* [Problem to solve]:
Starting with the line where "მკროპის საკლუბო ტურნირებში" appears, print every line through the end of the entries below exactly as it stands, and leave out the pictures.
BEGIN Extracted material
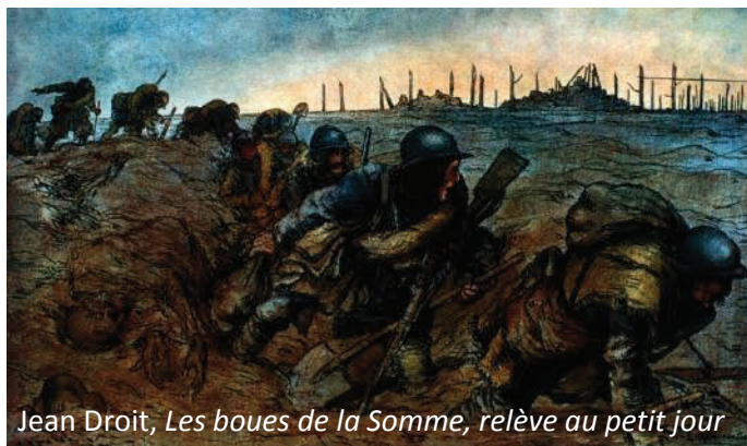
Jean Droit, Les boues de la Somme, relève au petit jour

On croyait avoir tout vu à Verdun, mais le 1 er juillet au matin est déclenchée la bataille de la Somme : de tous les continents, on vient mourir en terre picarde. Le 1 er juillet 1916 est le jour le plus sanglant de l'histoire de
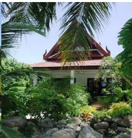
Bungalow de Charme
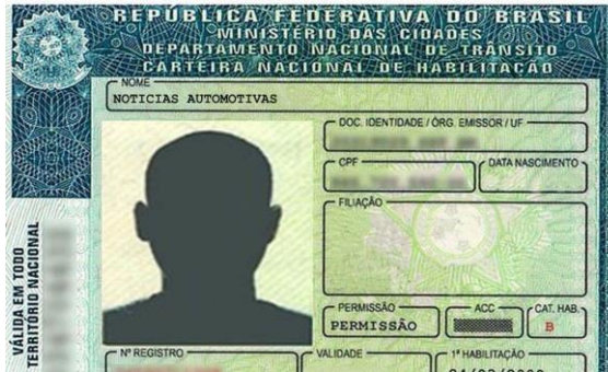
Documentação do requerente.
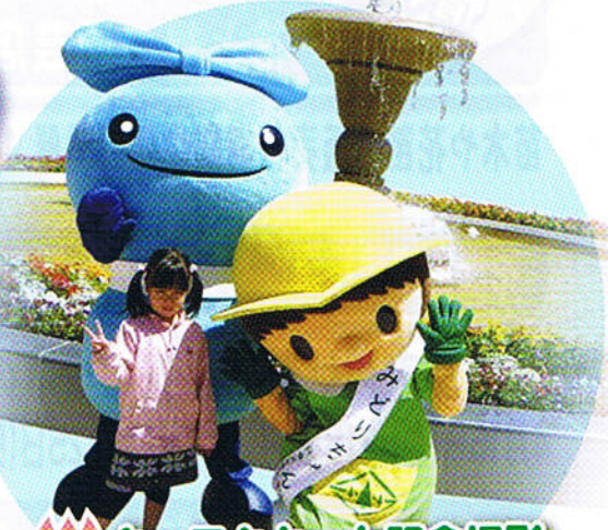
キャラクターと記念撮影
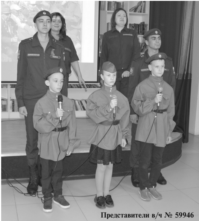
Представители в/ч № 59946
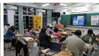
探討大里溪流域的重大災變
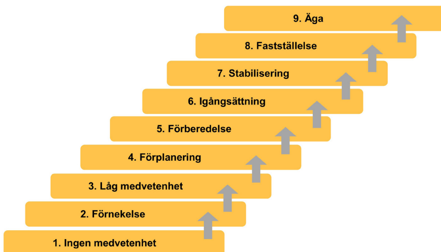
Figur 2. Förändringsberedskap "Community Readiness Model. Hämtad från: Oeting m.fl. (1995).

tillitsfulla relationer, trygghet, trivsel, inkludering och skolframgång. Men dels också de mer tobaksspecifika skyddsfaktorerna som att begränsa tillgången till tobak under skoltid, reagera vid tobaksbruk och att vara goda vuxna förebilder. Därtill ingår också att uttala förväntningar, stärka tobaksfrihet som norm och att föra dialog och samverka med elevernas föräldrar kring tobaksfrågan.
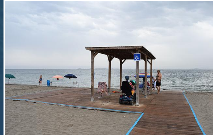
4 Zona de sombra
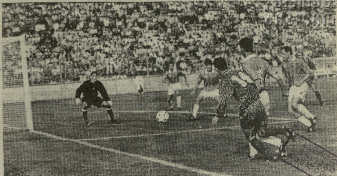
„ობილიჩის“ კარს უტეგს ბათუქის „დინამო“.

მკროპის საკლუბო ტურნირებში ჩვენი საი გუნდიდან შეიკლტოქა ეტაქსი მხოლოდ გათუქის „დინამო“ გავიდა. გათუქალთა ახალი მატოქა იქნება შოტლანდიის ქალაქ გლაზგოს „საკლტიპი“. პირველი მატოქა გაიგართოქა გათუქში 14 სექტემბერს, სპასუსო — გლაზგოში, 28 სექტემბერს.
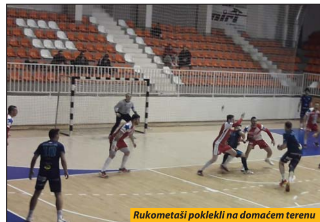
Rukometaši poklekli na domaćem terenu
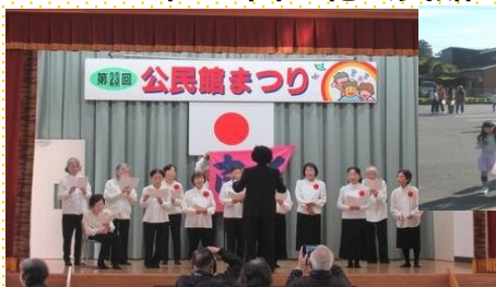
▲ 南ヶ丘シニアクラブのみなさんによる 芸能発表 コーラス『いい日旅立ち』
END Extracted material
* [Your solution]:
მკროპის საკლუბო ტურნირებში ჩვენი საი გუნდიდან შეიკლტოქა ეტაქსი მხოლოდ გათუქის „დინამო“ გავიდა. გათუქალთა ახალი მატოქა იქნება შოტლანდიის ქალაქ გლაზგოს „საკლტიპი“. პირველი მატოქა გაიგართოქა გათუქში 14 სექტემბერს, სპასუსო — გლაზგოში, 28 სექტემბერს.
Rukometaši poklekli na domaćem terenu
▲ 南ヶ丘シニアクラブのみなさんによる 芸能発表 コーラス『いい日旅立ち』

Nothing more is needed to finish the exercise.